Pour Michel Clouscard, nous ne vivons pas dans une société de consommation car la plupart des travailleurs n’ont accès qu’à une partie plus ou moins limitée des biens d’équipement. Les biens de standing et de luxe (donc les vrais biens de consommation) ne sont pas ou très peu accessibles à la majorité des travailleurs. Avant 1945, la grande majorité des travailleurs, notamment les ouvriers, n’avaient que des biens de subsistance. Mais suite au Front Populaire, au CNR et au plan Marshall, ils ont peu à peu eu accès à des biens d’équipement mais pas aux biens de consommation que sont les biens de standing et de luxe. Et aujourd’hui, ces manifestants du Block Friday, c’est qu’ils se concentrent énormément sur la consommation et que certains d’entre eux pensent que toute personne qui consomme lors du black friday est en train de surconsommer voire même que tous ceux qui font le black friday sont des petits bourgeois. Ils ont probablement en tête le cliché de la bourgeoise accro au shopping.
Mais la réalité sociale est bien éloignée de ce cliché. Les soldes, c’est souvent le seul moment de l’année où les plus pauvres peuvent s’acheter leurs biens d’équipement. Par exemple aux soldes d’hiver 2019, 26% des français ont acheté des meubles et 25% ont acheté du high-tech. Donc ce sont en grande partie des marchandises qu’on peut ranger dans les « biens qu’équipement ». Est-ce qu’on peut parler de « surconsommation » quand une personne achète une chaise ou un ordinateur de bureau ? Pas vraiment. Plus important : on voit aussi que 74% des consommateurs français achètent des vêtements, mais là encore ce n’est pas forcément de la surconsommation. Tout de suite, on imagine le cliché de la bourgeoise, sur les Champs Élysées, qui remplit sa garde-robe jusqu’à ce qu’elle déborde. Mais il ne faut pas oublier que 78% des français n’achètent jamais de vêtements hors des périodes de soldes. Pour beaucoup de gens, ce ne sont pas des achats excessifs, mais ce sont des achats nécessaires. Et même si la tentative de sensibilisation de l’opinion publique aux problèmes environnementaux est tout à fait louable, quand on bloque des soldes, on bloque en grande partie des prolétaires au seul moment de l’année où ils peuvent « consommer ». De plus, au moment du black friday, on est en pleine période de Noël et il faut offrir des cadeaux, ce qui peut-être assez coûteux pour certains. À la télévision américaine, les bourgeois clintonniens aiment se moquer des combats de pauvres dans les rayons, mais il ne faut pas oublier qu’aux États-Unis la pauvreté est bien plus profonde qu’en France et que les soldes durent moins longtemps.
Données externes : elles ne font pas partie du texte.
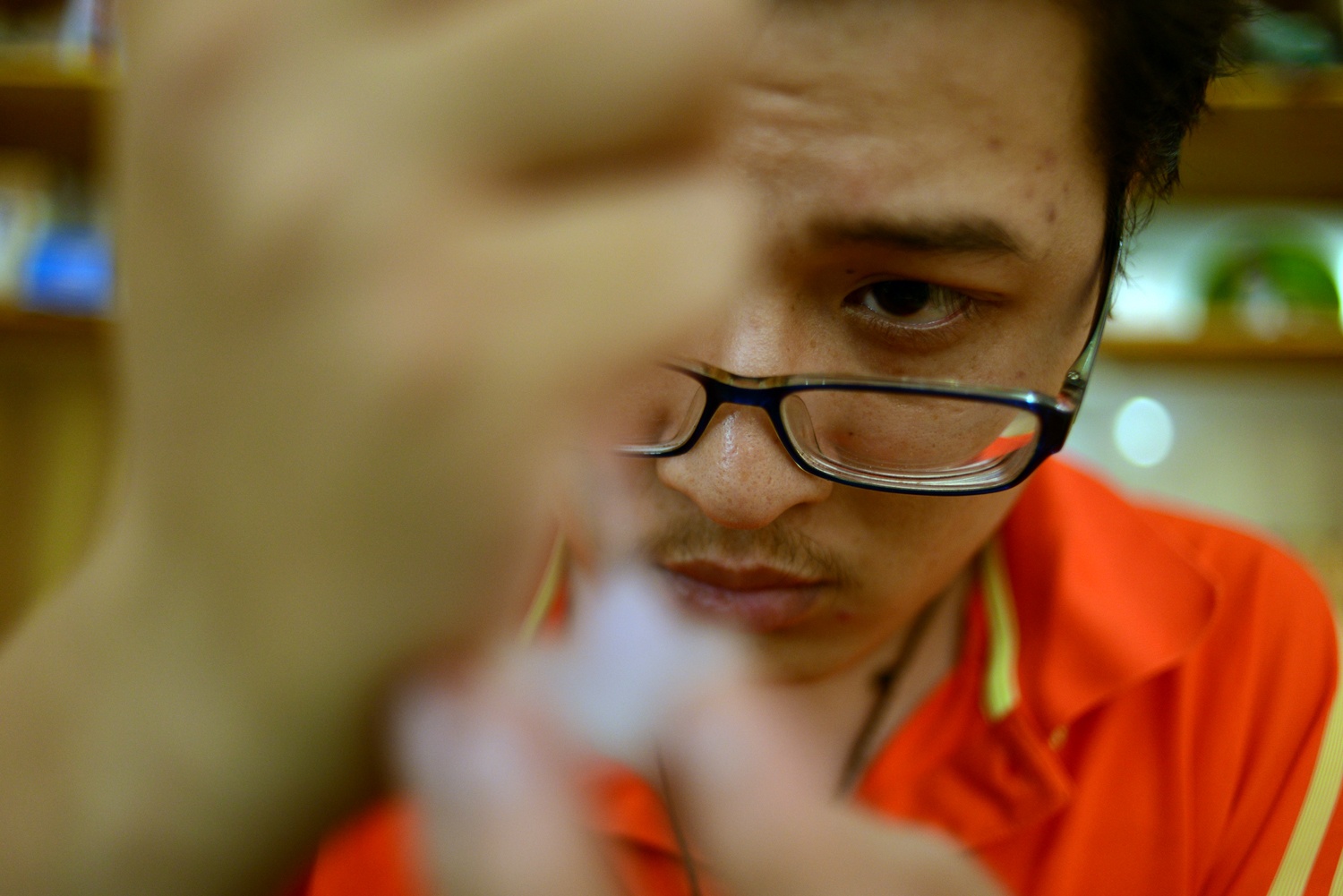 Ngô Kỳ Quang, một người trong nhóm có trách nhiệm kiểm tra từng công đoạn của tai nghe. Quang cho biết, mỗi một lỗi nhỏ trên sản phẩm đều bị loại bỏ để làm mới. |

Le black friday, lui, ne dure que deux jours aux États-Unis. On fait le procès de la surconsommation, mais la majorité des gens ne surconsomment pas. Pire, on fait le procès de la surconsommation… uniquement lors des soldes quand les plus pauvres peuvent « consommer » davantage.
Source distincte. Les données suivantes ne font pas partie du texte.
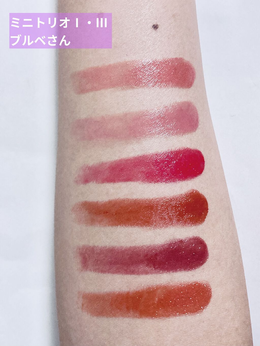 マーブルとグリッター6色ずつの色味は現物に近づけているため、とくに動画では腕がイエベになったりブルベになったりしてます🙇🏻♀️ マーブルプリズム 全体的に淡い発色。②③⑥は割と濃いめに発色するので単色グラデもできそう。 GBR06 グアテマラプリズム 黄味よりのブラウンベース。ピンク・イエロー・ゴールドラメ。マーブルシリーズの中では1番発色が良い。少し薄めの締め色としても使えそう。 GVL03 ストームプリズム 赤味のパープルがベース。彩度の高いピンク・グリーン・ブルーラメが光の角度でチラチラと綺麗。個人的No.1✨ グリッタープリズム 全体的にマーブルよりも発色が良いです。 GBL01 オルゴールプリズム ベースは少しグレー寄りのブルー。ラメはパープルやピンク・ブルー・イエローの多色。

Le boycott contre « surproduction », est-ce efficace ?
Autre problème : le mythe comme quoi s’il n’y a plus de consommateurs d’une marchandise, alors cette marchandise ne sera pas produite. Ce n’est pas si simple. D’abord, la thèse comme quoi la demande créerait l’offre ne fait absolument pas consensus, et ce n’est de toute façon pas le seul facteur. Bien sûr, si tout le monde arrêtait de consommer un produit, ce produit ne serait plus fabriqué. Mais ça n’arrivera pas. On ne pourra pas faire en sorte que la Terre entière arrête de consommer chaque produit qui pose problème. On peut, au mieux, diminuer le nombre de clients. C’est possible de tuer une PME qui a peu de clients, mais pas une multinationale qui vend un produit mondialisé. Et créer un mouvement de boycott à échelle mondiale est compliqué.
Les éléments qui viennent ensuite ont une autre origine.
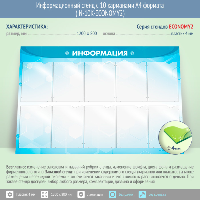 Информационный стенд с 10 карманами А4 формата (IN-10K-ECONOMY2) в Хотьково купить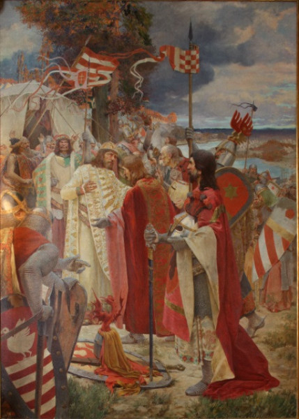 De nézzük, mit kínál látogatóinak a kiállítás. Oton Iveković 1906-ban festett képén A horvát főurak békecsókot váltanak Könyves Kálmánnal címmel örökítette meg a Dráva partján történt eseményt. A kép színes kavalkádjában a király és a nemesek díszes ruháikban pompáznak. A kép a historizmus jegyében készült, és napjainkban a horvát kormány Vallás- és Közoktatásügyi Minisztériumának Aranytermében látható. Cikkünk címében is ezt a jelenetet idézzük fel, hiszen a békecsók ebben az esetben a két nép közötti legszorosabb viszony kifejezője.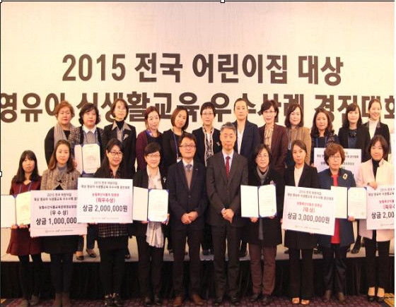 최우수상을 받은 KT꿈나무 어린이집(경기 성남시)과 신기어린이집(경기 안양)은 사계절 텃밭 활동과 수확물을 활용 아이들 편식을 줄이고, 특히 학부모 식습관 지도교육, 학부모 영양도서 대출, 가족밥상 사진전, 부지런한 어미새 선정 등 가정에서의 식생활교육의 중요성을 강조했다.

En termes de surproduction, on sait par exemple qu’Amazon jette des dizaines de millions de marchandises neuves chaque année. Rien que l’entrepôt d’Amazon de Chalon-sur-Saône jette 300 000 marchandises tous les trois mois, et on vient dire aux simples travailleurs qu’il faut qu’ils se serrent la ceinture au nom de l’écologie ! Mais ça ne marche pas comme ça, avec le progrès technique la plupart des marchandises ne coûtent plus grand-chose en production et les entreprises se font une marge tellement énorme qu’elles peuvent se permettre de surproduire l’offre par rapport au nombre réél de demande, pour assurer une disponibilité du produit. Jetter tout ce qu’il y a en trop ne leur coûte pas si cher. On peut arrêter de consommer certains produits, ce que l’on ne consomme pas sera produit quand même pour qu’il y ait une disponibilité. Et ce qui sera de trop sera jeté dans des décharges géantes à ciel ouvert ou brûlé. Parce tout ça c’est des problèmes économiques et écologiques, c’est pas une question morale de « oui mais moi au moins je ne participe pas à ce système », parce qu’en fait on s’en fiche, même en se retenant de tirer quelques avantages matériels de ce système, il est quand même là.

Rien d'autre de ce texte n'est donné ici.